Natural resources abound in India, and traditional medicine and the utilisation of plants as a source of medication are both deeply ingrained and crucial elements of the country's healthcare system. 500 of the 1,500 therapeutic plants classified by the Indian system of medicine are utilised often.² In India, there are thought to be about 7800 manufacturing facilities for pharmaceuticals, and it is estimated that they use over 2,000 tonnes of herbs each year.⁵

Given the prevalence of herbal medicinal products (HMPs), it's critical to comprehend any possible interactions between herbs and prescription medications. Plant-drug interactions may be more likely than drug-drug interactions, if only because HMPs (even products made from a single herb) almost always contain combinations of pharmacologically active ingredients, as opposed to pharmaceuticals, which often contain single chemical entities. The objective of this systematic review is to evaluate the clinical data on pharmacological interactions involving HMPs.^6-7

Mechanisms of Drug Interactions with Herbal Medicines:

Most recorded pharmacological interactions with herbal remedies don't have fully understood underlying mechanisms. Similar to drug-drug interactions, these interactions involve pharmacokinetic and pharmacodynamic pathways (Figure 1).

Figure 1

Pharmacokinetic interactions are brought on by changes in the way that medications are absorbed, metabolised, distributed, or excreted. CYP activation and/or inhibition by herbal medications frequently leads to altered drug metabolism⁸.

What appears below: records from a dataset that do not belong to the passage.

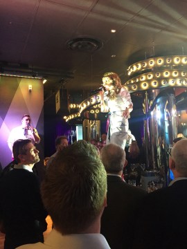 När väl man kommit in från kylan och hängt in rocken får man sin servitör eller servitris för kvällen. Kontaktsamtalet blir kort för snart stod hon på scen, eller snarare på baren och sjöng för fult. Kvällens underhållning hade börjat.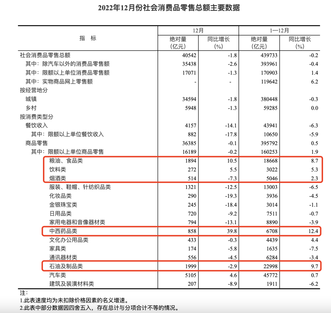 结合国家统计局公布的最新数据来看,2022年社会消费品零售总额439733亿元,比上年下降0.2%,扣除通货膨胀因素,只比2019年疫情前的同期数值仅增长了0.87%。分布到商品类目中,仅有食品饮料、烟酒等快消品还保持着良好增长势头,这也是过去新消费品品牌较为集中的领域,医药、石油及制品类考虑到疫情和原材料涨价等因素,就不展开了。此外,去年餐饮消费同样惨遭“滑铁卢”,2022年全国餐饮收入43941亿元,同比下降6.3%。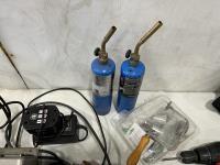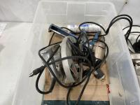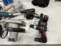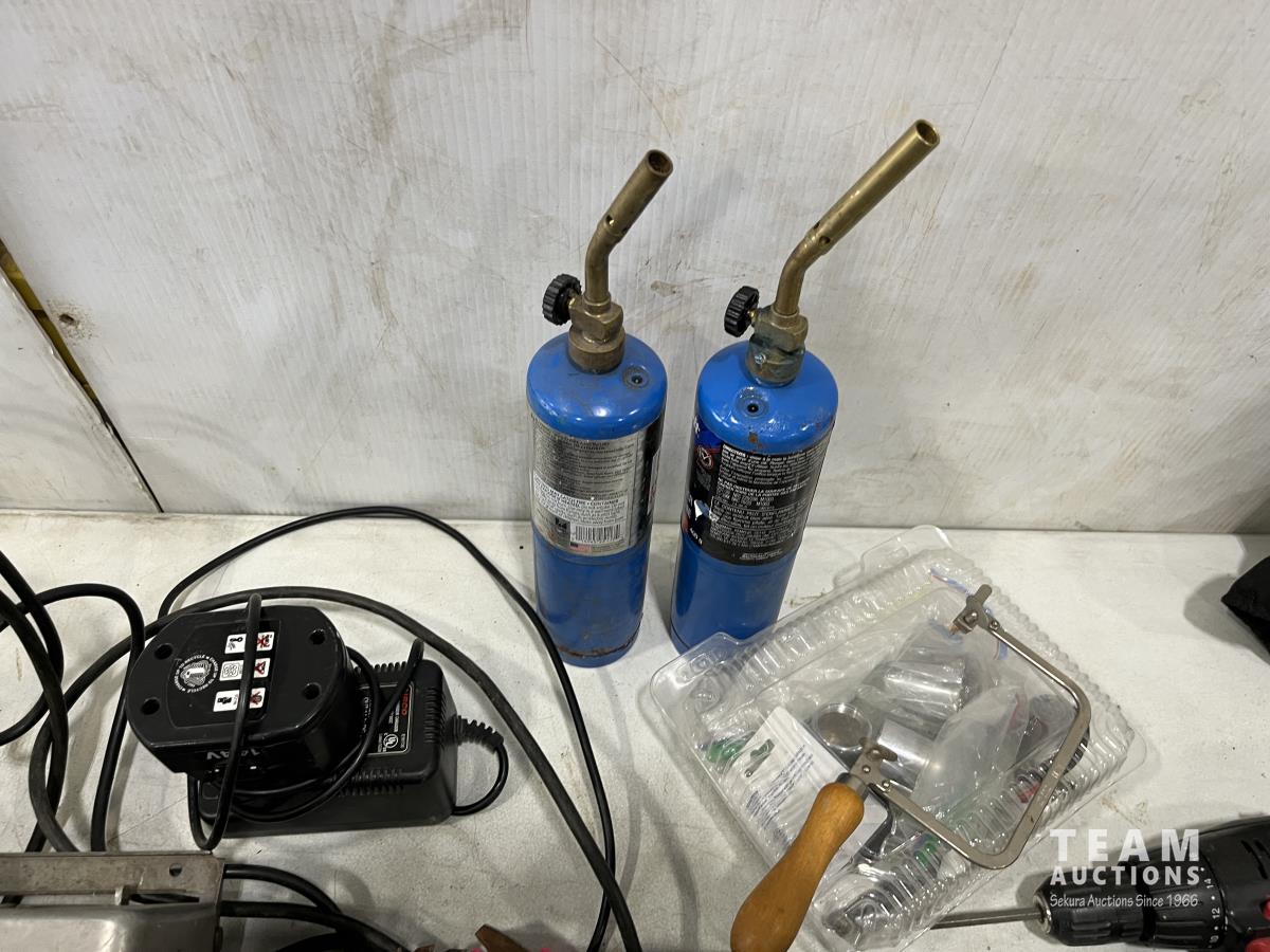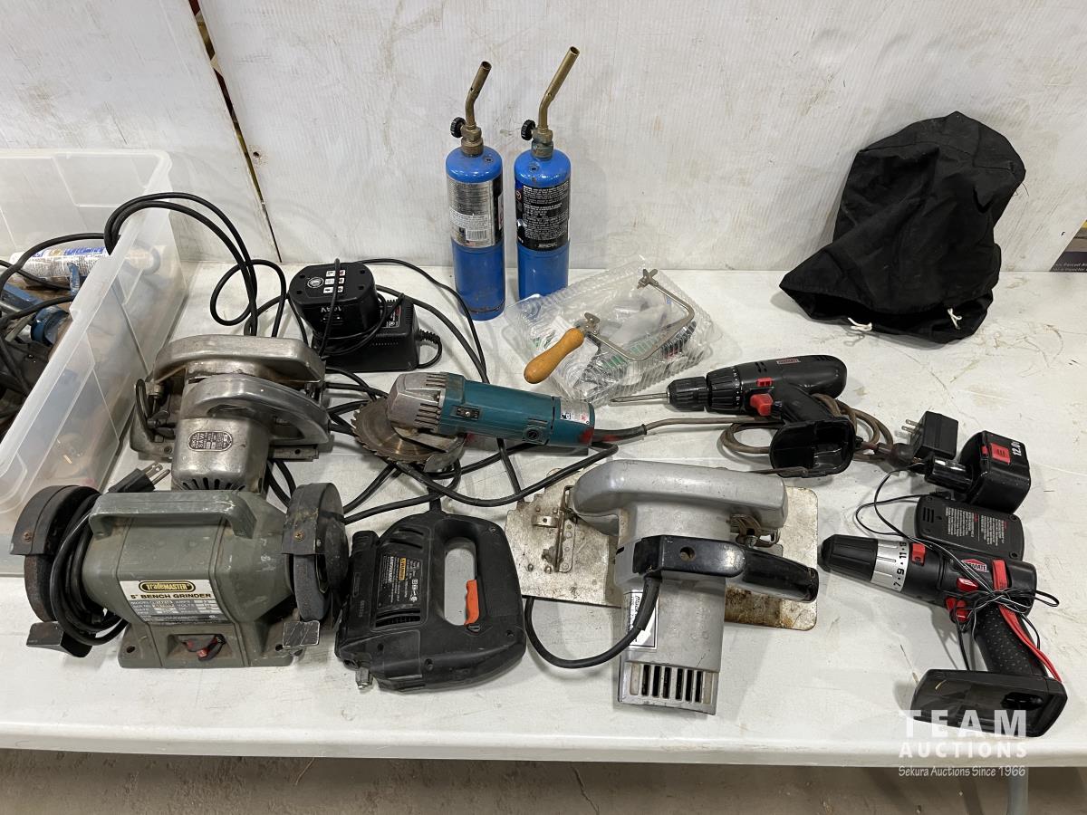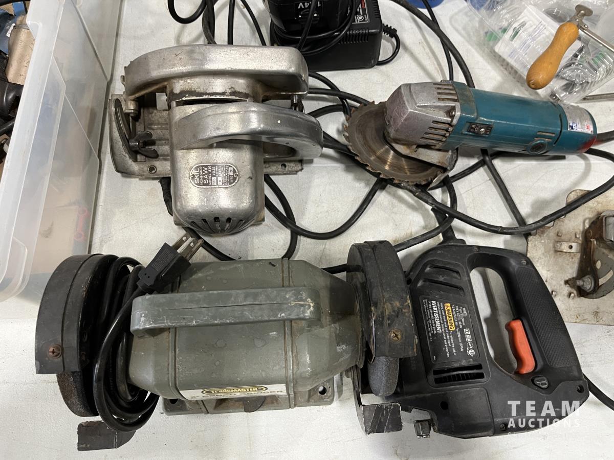 Skill saws, electric drill, 5 inch bench grinder, jig saw, angle grinder, cordless drill, (2) small torches
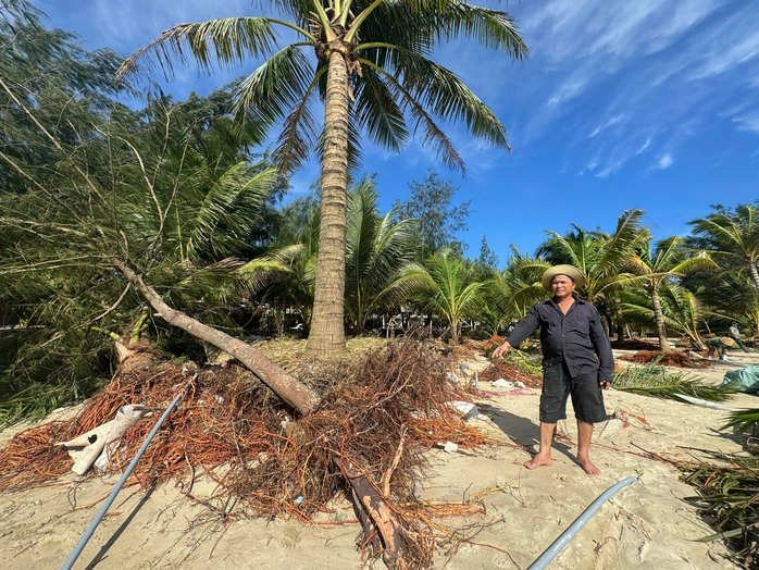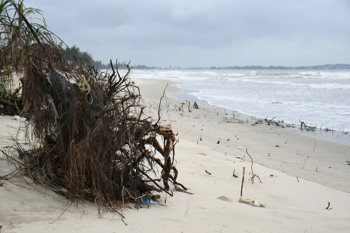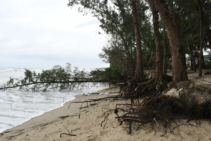 Không chỉ bờ cát bị xâm thực, rừng dương và hàng dừa ven biển – “lá chắn” tự nhiên chống sóng, gió – cũng bị đánh bật gốc, trơ rễ. Nhiều cây ngã đổ nằm chỏng chơ dọc bờ biển.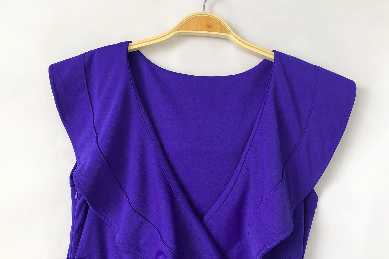 Summer New European and American Sexy V-neck Ruffled Sleeveless Hip Hugging Fashionable Outdoor Skin Friendly Dress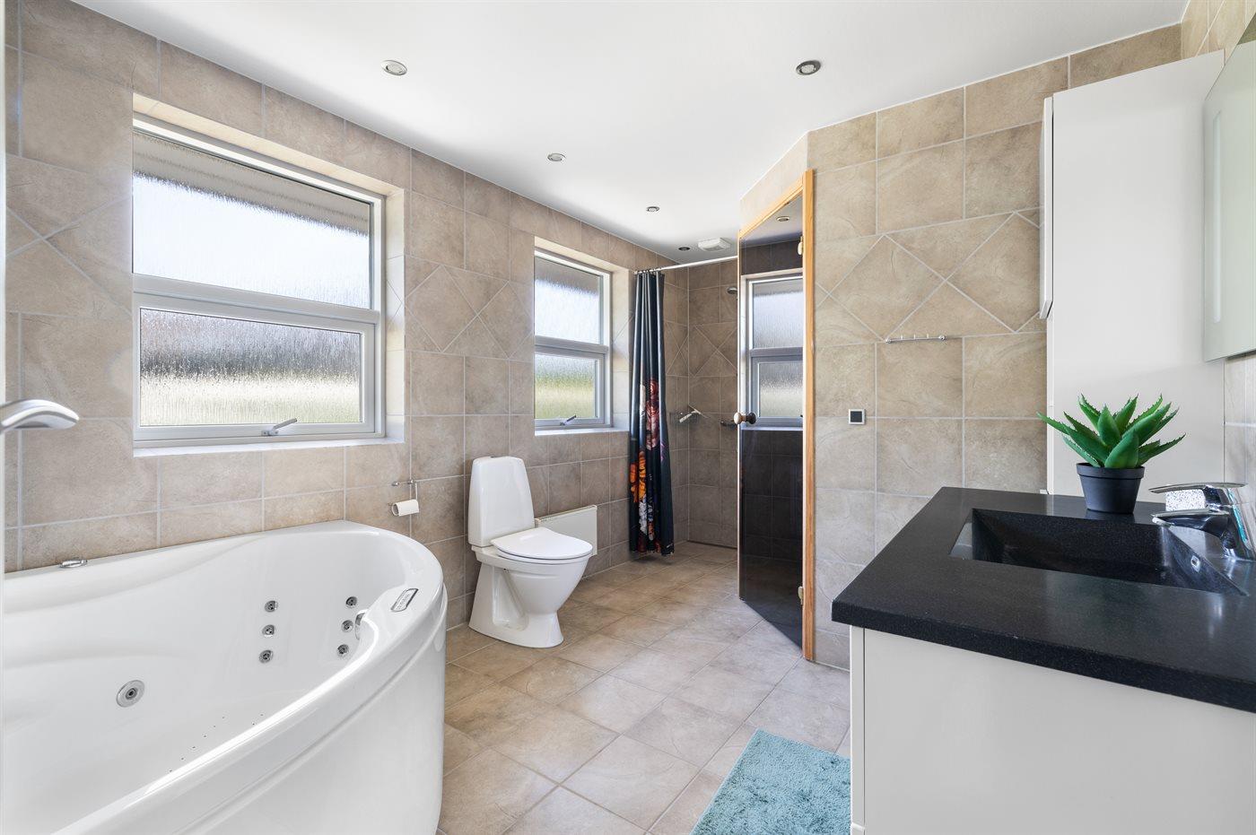 Der er 2 badeværelser med bruseniche og 2 toiletter. Der er gulvvarme på 2 badeværelser. I saunaen er der mulighed for afslapning.
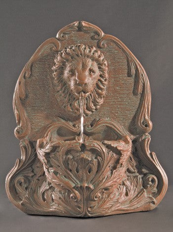 The cast stone Lion Wall Fountain is a handsome wall fountain, ideal for a garden or yard. The water gently pours from the lions mouth down into the reservoir below creating a calm trickling sound. Hand-made in the United States by skilled artisans and made of cast stone, this fountain is durable and long lasting.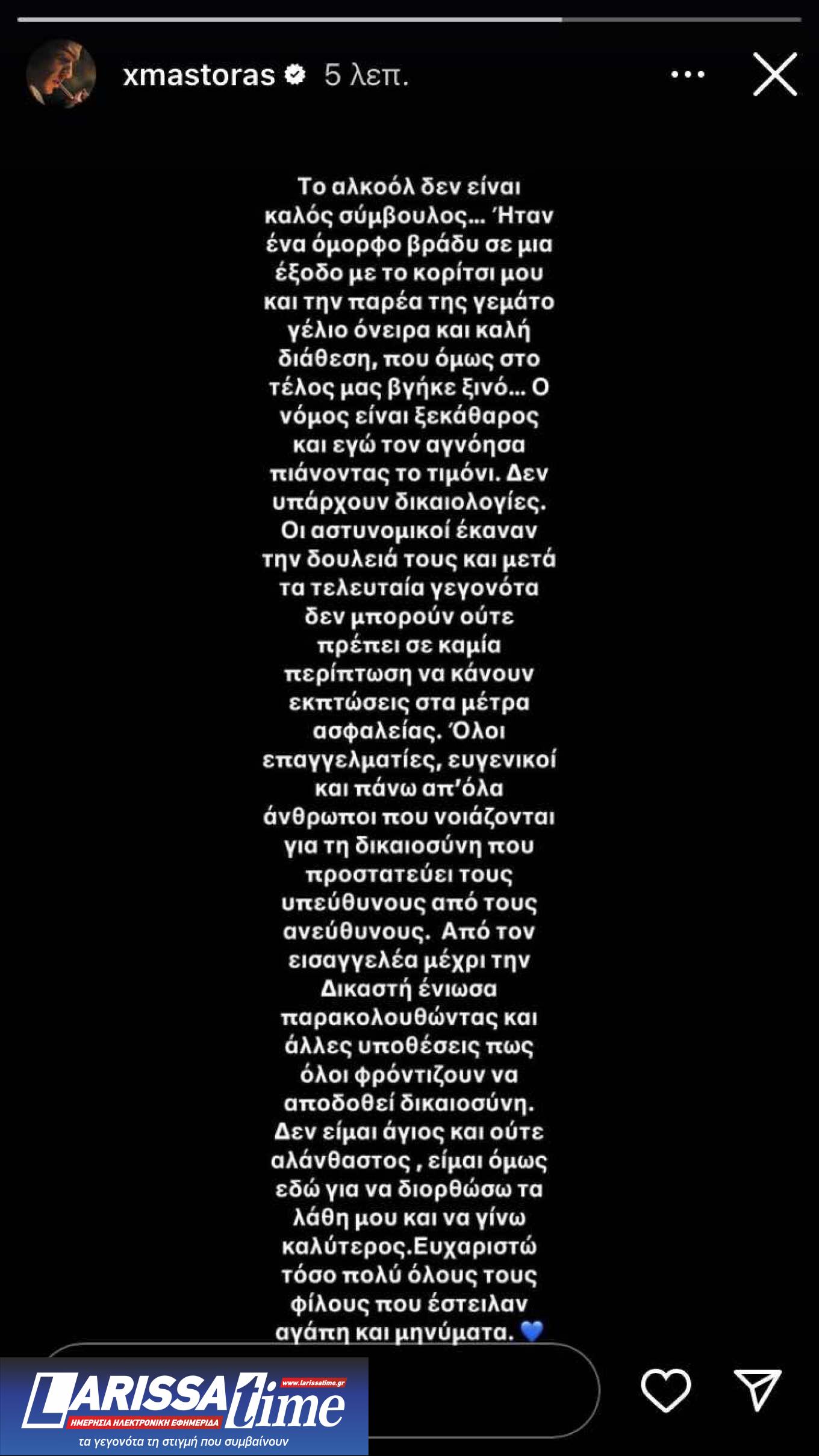 Στο Instagram Story που δημοσίευσε, ο Χρήστος Μάστορας παραδέχτηκε ότι το αλκοόλ «δεν είναι καλός σύμβουλος», τονίζοντας ότι οι αστυνομικοί έκαναν τη δουλειά τους.

The substrates of P- gp, fexofenadine and digoxin, which are frequently used as examinations for examining P- gp exertion in vivo, were set up to have increased concurrence in healthy subjects treated with St John’s wort⁹.

Herbal drugs are frequently administered orally and they can attain moderate to high attention in the gut lumen (the primary point of immersion for utmost orally- administered medicines) and liver, and may ply a significant effect on enterocytes and hepatocytes¹⁰

The lapping substrate particularity in the biotransformational pathways of the physiologic systems is seen as the major reason for medicine – medicine, food – medicine, and HDI (Marchetti et. al., 2007). The capability of different chemical halves to interact with receptor spots and alter physiological terrain can explain pharmacodynamic medicine relations while pharmacokinetic relations arise from altered immersion, hindrance in distribution pattern as well as changes and competition in the metabolic and excretory pathways¹¹

Medium of liver injury may include bioactivation of CYP, oxidative stress, mitochondrial injury, and apoptosis¹².

Drugs That Interact with Herbal Medicines in Humans:

Medicines that interact with herbal drugs substantially include anticoagulants (warfarin, aspirin and phenprocoumon), anodynes and antidepressants (midazolam, alprazolam, amitriptyline and trazodone), anti-HIV agents (indinavir and saquinavir), cardiovascular medicines (digoxin, nifedipine and propranolol), immunosuppressants (cyclosporine and tacrolimus) and anticancer medicines (irinotecan and imatinib). still, several other medicines, including ibuprofen, cilostazol, clopidogrel, acetaminophen, carbamazepine, mycophenolic acid, ritonavir and pravastatin are reported not to interact with herbal medicines¹³.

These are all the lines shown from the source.